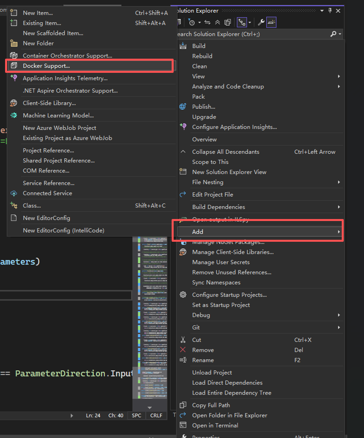 如果项目之前没有初始化Dockerfile的话,需要手动在主项目下面新建一个Docker Support。
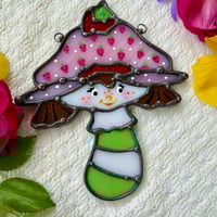 A stained glass Strawberry Shortcake inspired Mushroom Suncatcher
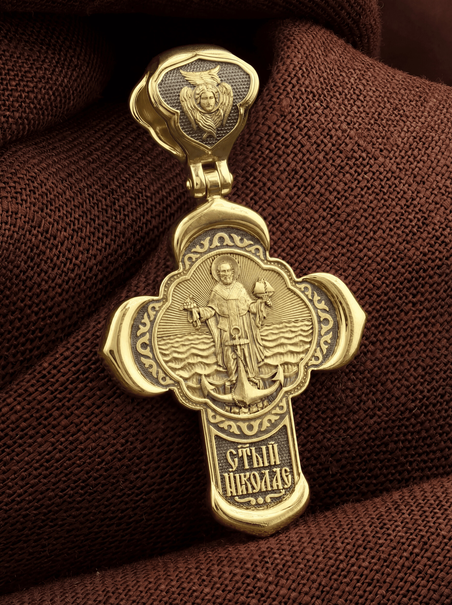 На лицевой стороне креста изображено Распятие Господа и Спасителя нашего Иисуса Христа, отдавшего Себя на смерть, для искупления грехов мира. Крест является символом жертвенной любви Всеблагого Бога к падшим людям, всепобеждающим духовным оружием христиан, основанием и средоточием церковной жизни. Господь сказал: «кто хочет идти за Мною, отвергнись себя, и возьми крест свой, и следуй за Мною». (Мк. 8: 34). На верхней табличке, выше головы Иисуса, расположена надпись, составленная Понтием Пилатом — «IНЦI». Она означает «Иисус Назорей, Царь Иудейский». Надпись «IC» «ХC», означает Иисус Христос, помещается на разных сторонах поперечной перекладины креста. Крест стоит на горе камней, символизирующих Голгофу. В ее основании различается череп– это голова Адама. На кулонном кольце изображен Нерукотворный образ Господа и Спасителя нашего Иисуса Христа, чудесно отпечатавшийся на плате, которым Христос вытер свой лик.
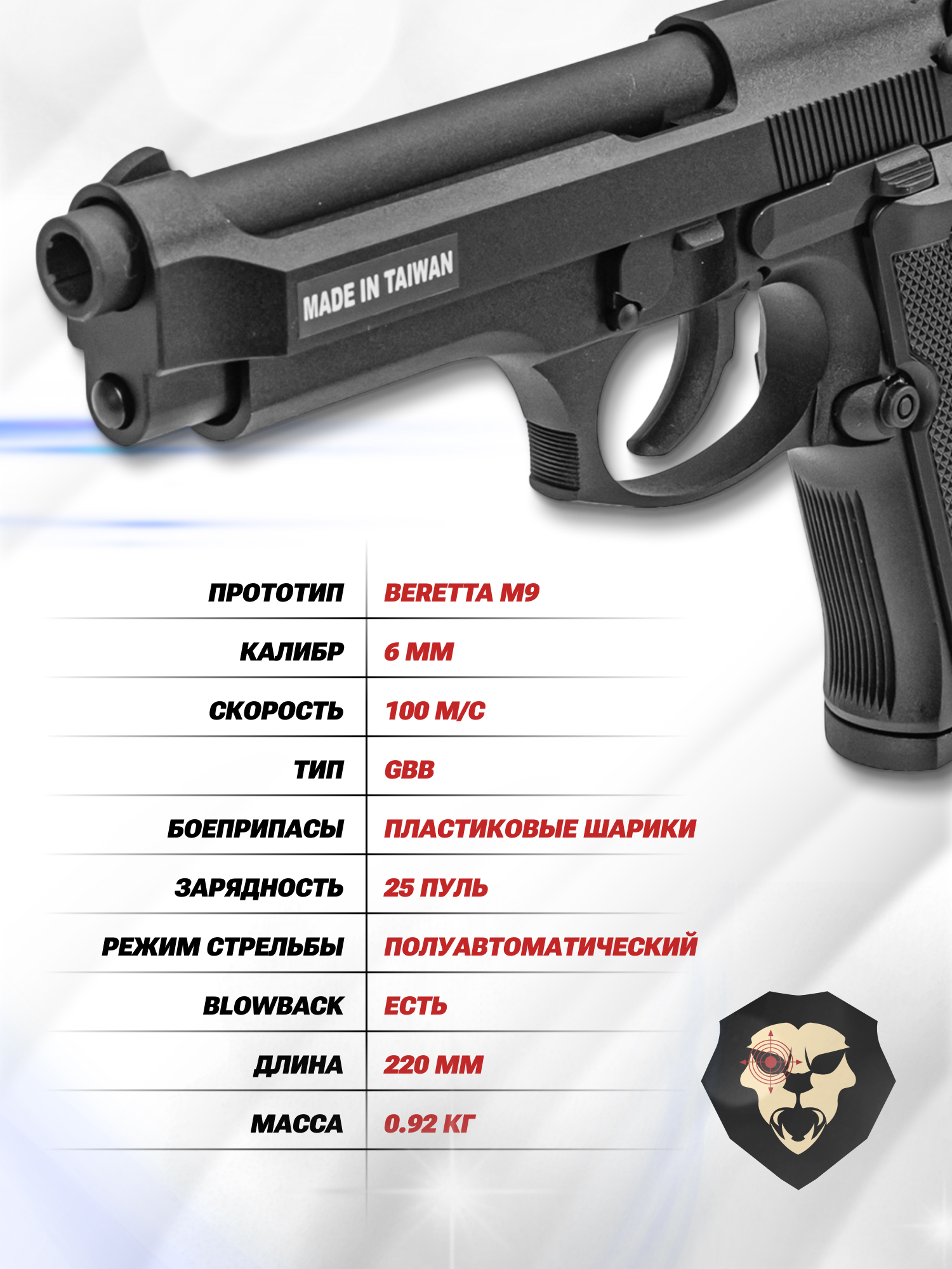 Обозреваемая модель является высокодетализированной копией знаменитого итальянского пистолета Beretta M9, который заменил M1911 и до сих пор стоит на вооружении армейских и полицейских формирований США и ряда европейских стран блока НАТО. Удачная конструкция изделия также пришлась по вкусу в гражданском секторе, ввиду чего различные модификации применяются как для спортивной, так и развлекательной стрельбы.

——————————

ABOUT THIS TASK >>
Take the lines from the one that contains "A stained glass" through the last line of the material above and reproduce them exactly, leaving out any pictures.

EXERCISE OUTPUT >>
 A stained glass Strawberry Shortcake inspired Mushroom Suncatcher
 На лицевой стороне креста изображено Распятие Господа и Спасителя нашего Иисуса Христа, отдавшего Себя на смерть, для искупления грехов мира. Крест является символом жертвенной любви Всеблагого Бога к падшим людям, всепобеждающим духовным оружием христиан, основанием и средоточием церковной жизни. Господь сказал: «кто хочет идти за Мною, отвергнись себя, и возьми крест свой, и следуй за Мною». (Мк. 8: 34). На верхней табличке, выше головы Иисуса, расположена надпись, составленная Понтием Пилатом — «IНЦI». Она означает «Иисус Назорей, Царь Иудейский». Надпись «IC» «ХC», означает Иисус Христос, помещается на разных сторонах поперечной перекладины креста. Крест стоит на горе камней, символизирующих Голгофу. В ее основании различается череп– это голова Адама. На кулонном кольце изображен Нерукотворный образ Господа и Спасителя нашего Иисуса Христа, чудесно отпечатавшийся на плате, которым Христос вытер свой лик.
 Обозреваемая модель является высокодетализированной копией знаменитого итальянского пистолета Beretta M9, который заменил M1911 и до сих пор стоит на вооружении армейских и полицейских формирований США и ряда европейских стран блока НАТО. Удачная конструкция изделия также пришлась по вкусу в гражданском секторе, ввиду чего различные модификации применяются как для спортивной, так и развлекательной стрельбы.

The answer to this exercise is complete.